A:  Yes, I wore a kilt; it itched like hell. It was Curtis Hanson's moment. And more than anything I was thrilled to be there with the people who made the film such a brilliant work and to share in receiving the great critical acclaim.

Q:  Having studied your mother's murder case, can you offer any insight into the psyche of a murderer?

A:  Killers kill for largely unfathomable reasons that represent the cumulative state of their psyche up to the point that they explode. They react to the stimulus of the moment in a destructive and unconsciously self-destructive manner.

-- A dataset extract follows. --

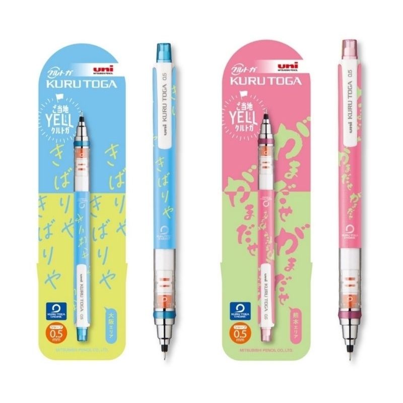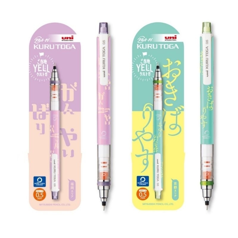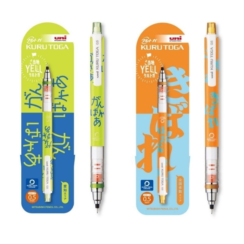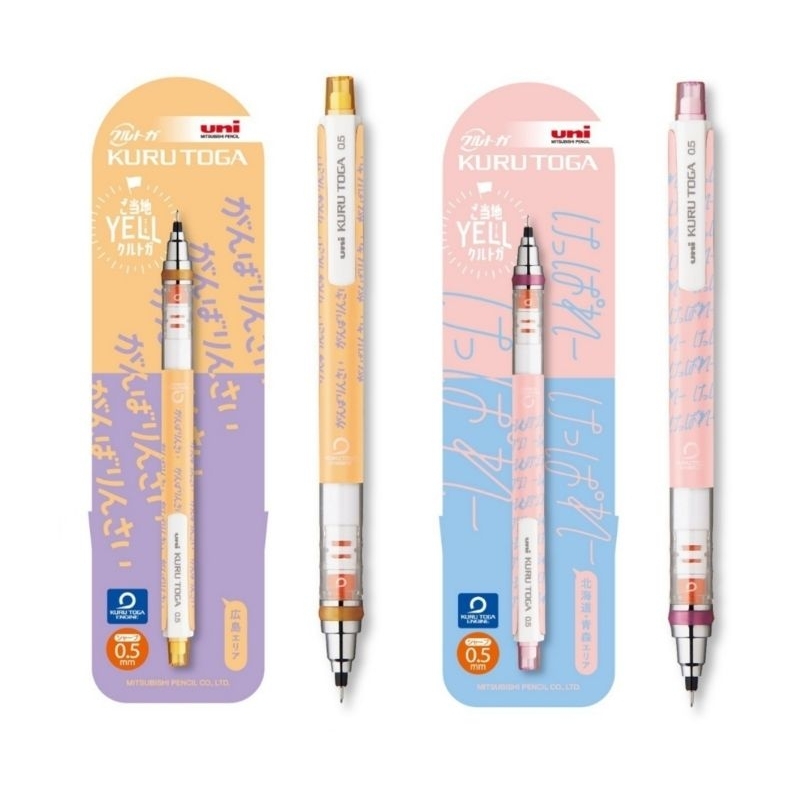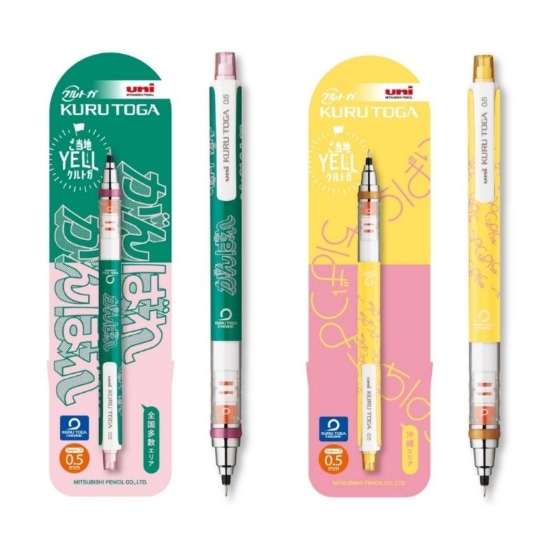 ดินสอกด Kuru Toga “YELL” Limited ที่มาในธีม “ให้กำลังใจ” ที่ตัวด้ามจะมีคำว่า “สู้ๆ”เป็นภาษาถิ่นจากทั่วภูมิภาคญี่ปุ่น ที่พร้อมมาให้เลือกหวีดกันถึง 12 สี ไม่ซ้ำแบบ แมชต์คู่สีได้อย่างลงตัวมากๆ

Q:  Has your recent experience with Hollywood inspired any urges to write screenplays? What's in your future?

A:  No. I'm writing the sequel to my novel American Tabloid, which was Time magazine's Novel of the Year in 1995.

Q:  Will you describe your favorite pair of shoes?

A:  White Jack Purcell tennis shoes -- I've been wearing the identical pair (though not the same pair) for 30 years.